Bindings come with everything you need. You should probably get one of those pocket screwdrivers. And don't commit to the boots until you're sure they fit. They might hurt your feet, in which case _flee!_

Depending on your final boot size, you're more likely to be in the M/L range, I think.


----------



## jennifer (Dec 18, 2012)

You really need to try on a few different boots before you make a boot decision. I got the burton moto boots....and on my first day of boarding I almost gave it up. They were a nightmare. The fit was so wrong in so many ways. They came up to high on my leg, made my feet go numb, cramped my entire foot. They were just wrong....so incredibly wrong for me and for my foot and leg. I hated them. But that was ME. They were not a good fit for my foot or leg. I ended up having to buy a new set of boots. I tried on several and found that a pair of Sims Omen boots were the ones for me. Best $150 I could have spent. 

The point is that boots are super important, and you need to try on a few pairs and really hang out in them for 10 mins or so to find out how they feel. I would also buy from a place with a good return policy. 

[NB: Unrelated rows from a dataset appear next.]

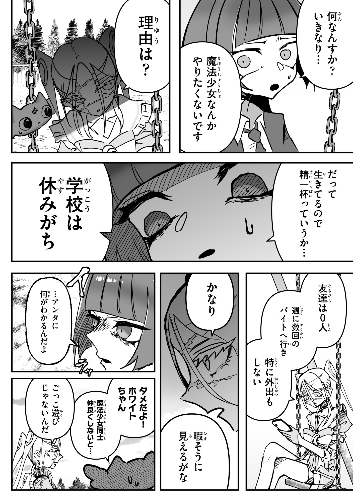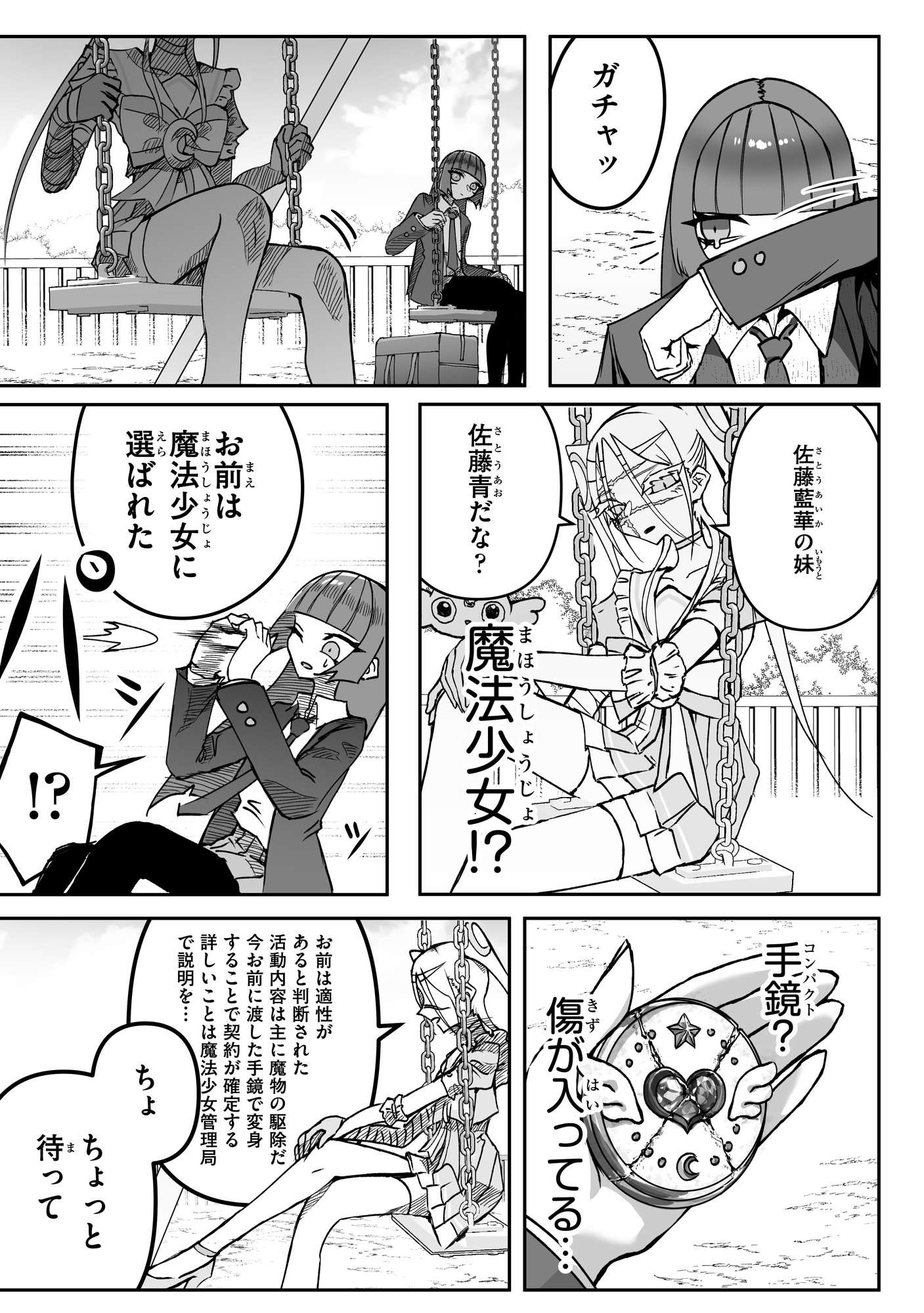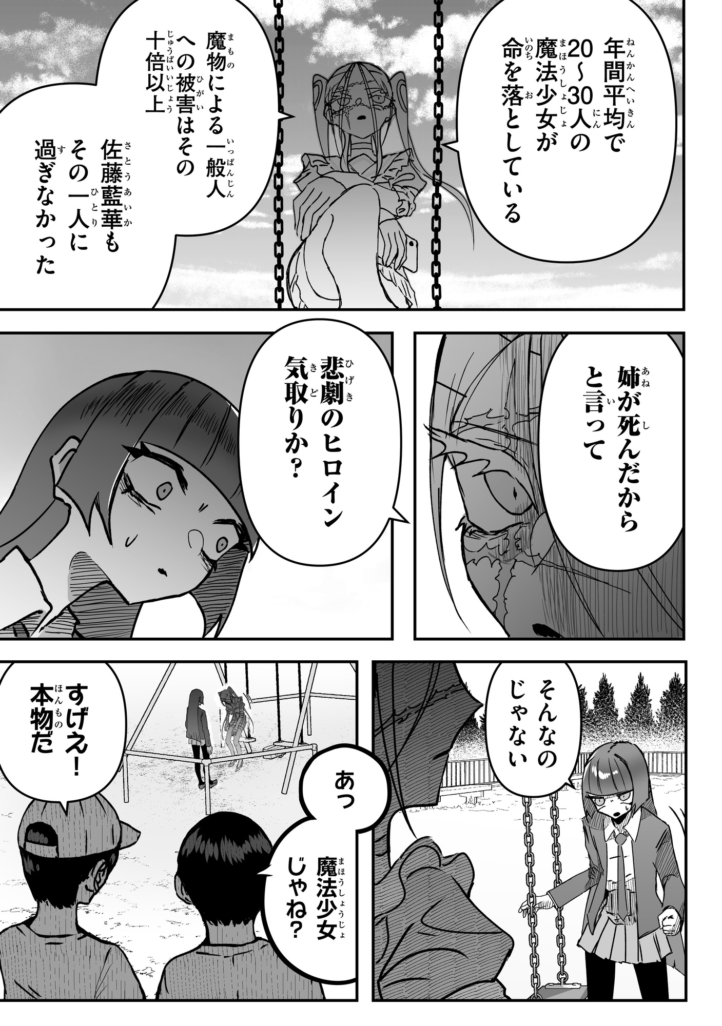 本作品は、不幸な魔法少女・佐藤青のバトルファンタジーです。魔法少女だった姉を魔物との戦いで亡くしてから、無気力な日々を過ごす高校生の青。思い出のブランコに座って亡き姉に思いを馳せていると、突然ひとりの魔法少女が現れ「お前は魔法少女に選ばれた」と宣言されて…。
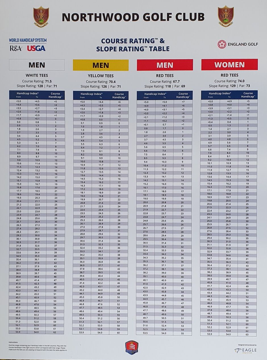 | Hole | White | Par | SI | Yellow | Par | SI | Red | Par | SI | Green | Par | SI |
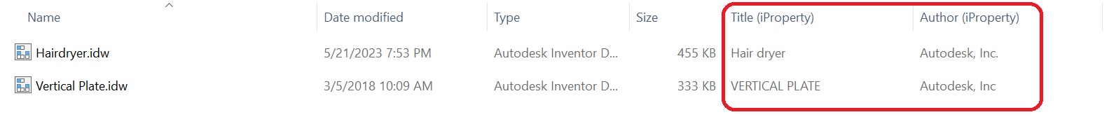 An add-in for Autodesk® Inventor® iProperty Handler allows Inventor iProperties to be displayed as columns in Windows Explorer.
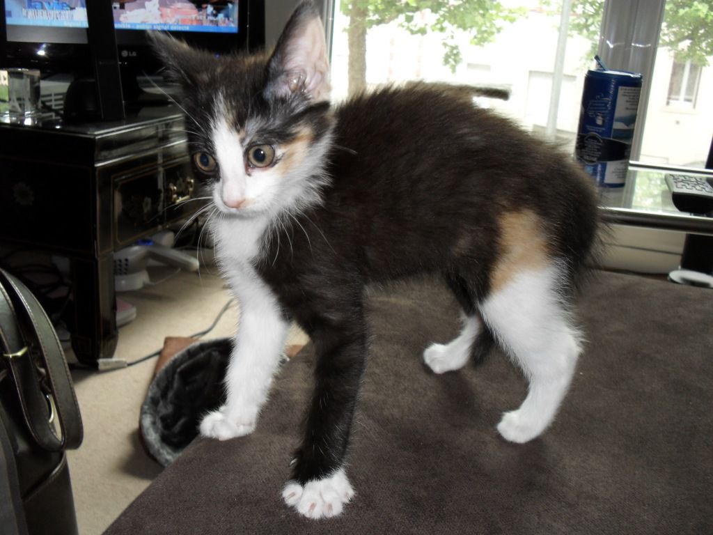 | Dire merci | ... mais moi je l'aime c'est pas de ma faute! Parce que je sais que vous en réviez tous, je vais vous présenter l'histoire de Chaton, femelle tricolore et morue de son état! Voici le ptit bout de cul que je suis allée chercher le Samedi 08 Mai 2010! ![]() ![]() |
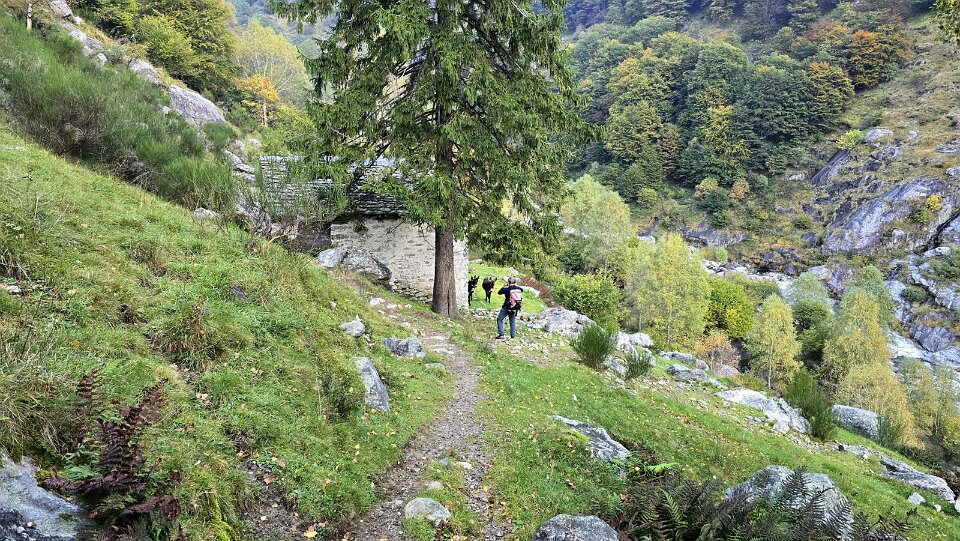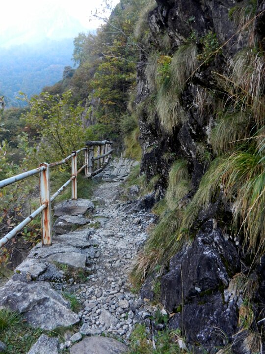 Si sale su sentiero lastricato, reso viscido dalle tante foglie di castagno
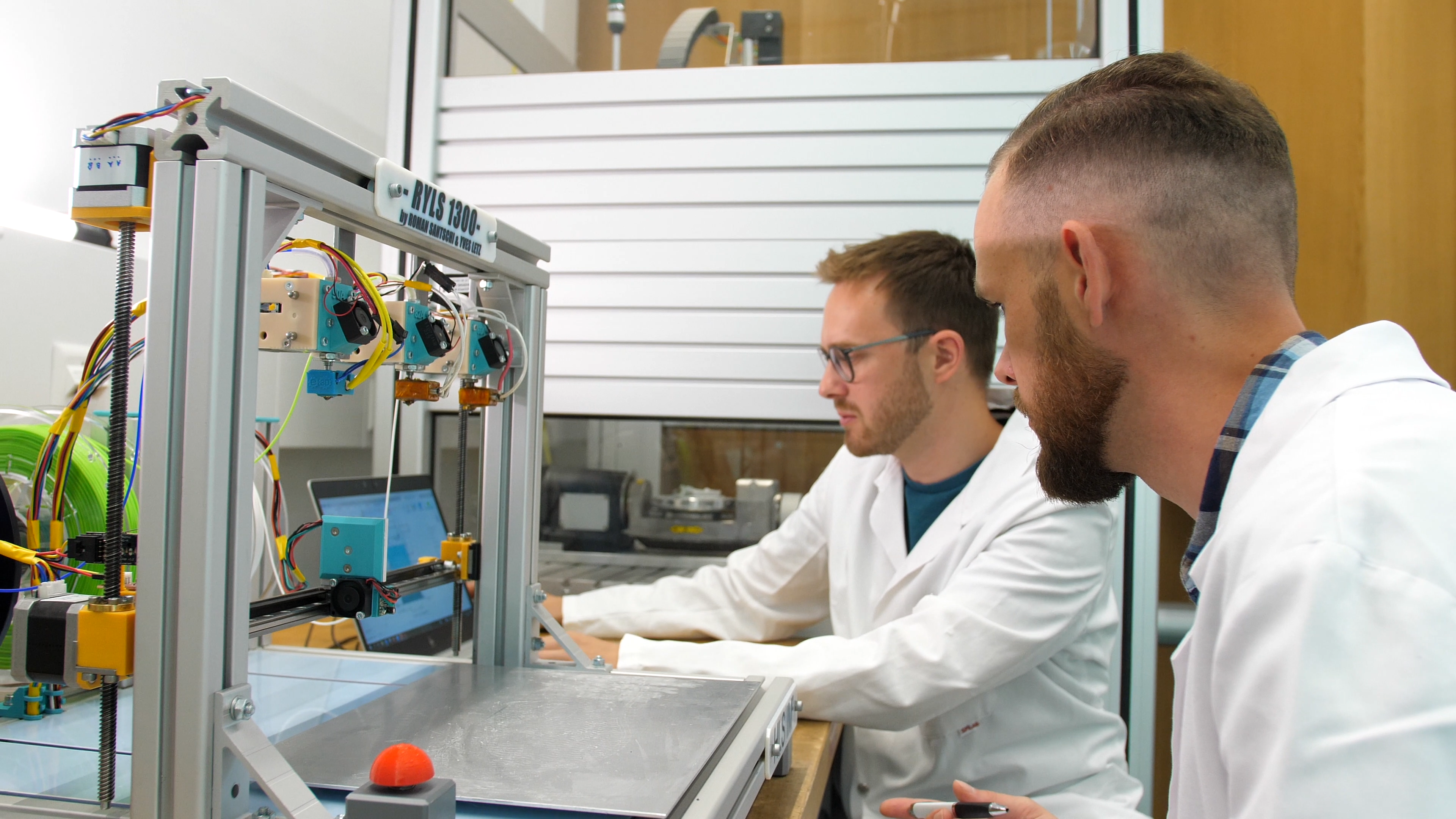«Um die unterschiedlich harten Materialien, die für so eine Fusseinlage benötigt werden, drucken zu können, haben wir spezielle Druckköpfe entwickelt und eingebaut», so die beiden Tüftler Yves Letz und Roman Santschi. «Ausserdem haben wir ein Werkzeugwechselsystem entwickelt, mit welchem der Drucker die verschiedenen Druckköpfe vollautomatisch auswechseln kann. Jetzt da wir sehen, dass unser Prototyp sich in der Praxis bewährt hat, sind wir auf der Suche nach Industriepartnern für die weitere Entwicklung, die Produktion und den Vertrieb des 3D-Druckers», so die beiden jungen Forscher weiter.
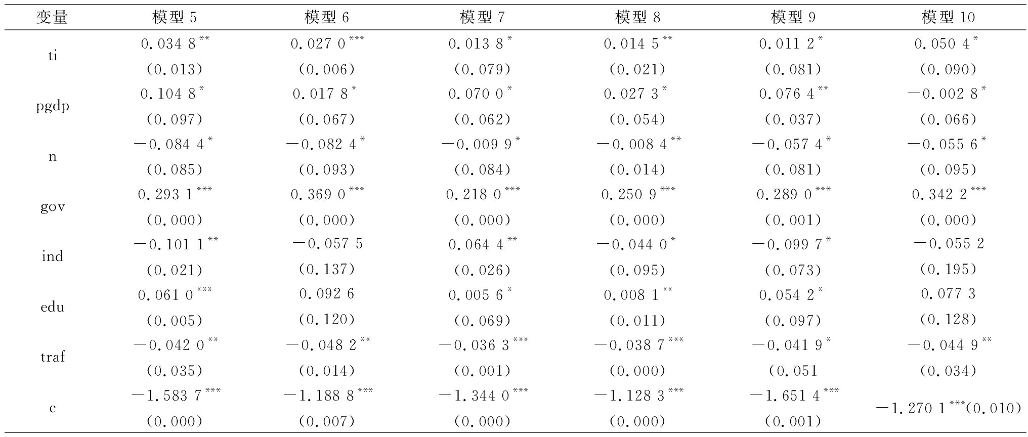 变量模型5模型6模型7模型8模型9模型10ti0.034 8**(0.013)0.027 0***(0.006)0.013 8*(0.079)0.014 5**(0.021)0.011 2*(0.081)0.050 4*(0.090)pgdp0.104 8*(0.097)0.017 8*(0.067)0.070 0*(0.062)0.027 3*(0.054)0.076 4**(0.037)-0.002 8*(0.066)n-0.084 4*(0.085)-0.082 4*(0.093)-0.009 9*(0.084)-0.008 4**(0.014)-0.057 4*(0.081)-0.055 6*(0.095)gov0.293 1***(0.000)0.369 0***(0.000)0.218 0***(0.000)0.250 9***(0.000)0.289 0***(0.001)0.342 2***(0.000)ind-0.101 1**(0.021)-0.057 5(0.137)0.064 4**(0.026)-0.044 0*(0.095)-0.099 7*(0.073)-0.055 2(0.195)edu0.061 0***(0.005)0.092 6(0.120)0.005 6*(0.069)0.008 1**(0.011)0.054 2*(0.097)0.077 3(0.128)traf-0.042 0**(0.035)-0.048 2**(0.014)-0.036 3***(0.001)-0.038 7***(0.000)-0.041 9*(0.051-0.044 9**(0.034)c-1.583 7***(0.000)-1.188 8***(0.007)-1.344 0***(0.000)-1.128 3***(0.000)-1.651 4***(0.001)-1.270 1***(0.010)
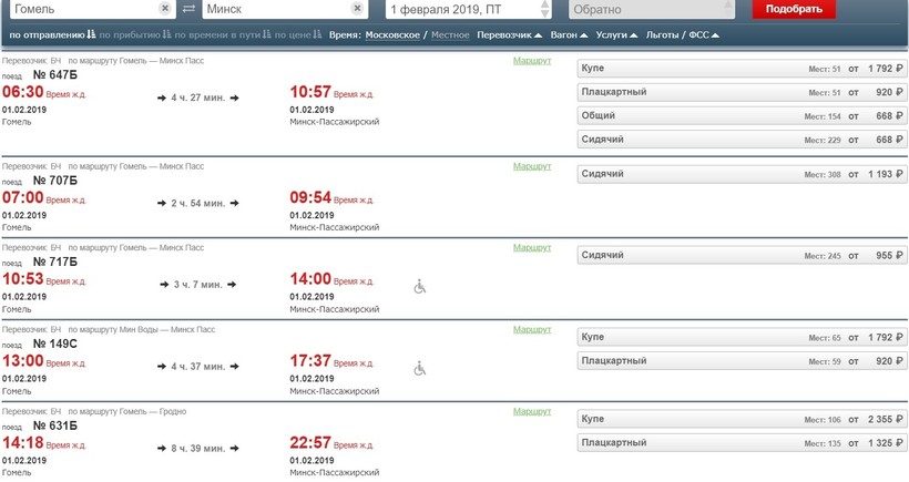 Стоимость проезда и время в пути

I am a super new rider...but, boots is something I spent a whole lot of time and research on.


----------



## atr3yu (Feb 15, 2012)

Where as I rode Moto's my first season and loved them! I did part with them my second season, but only because I wanted a stiffer boot. But I'll say it too, try on boots, as many as you can and find the right ones for you.


----------



## cookbook27 (Jan 13, 2013)

If motos dont fit me, can you guys recommend some fairly cheap but good boots? I am kinda looking for an all round boot, for carving and landing jumps


----------



## Donutz (May 12, 2010)

You can check out the BOOTS section for lots of commentary on boots, but sadly if you're like most people you'll have to choose from what your local shop has in stock.


----------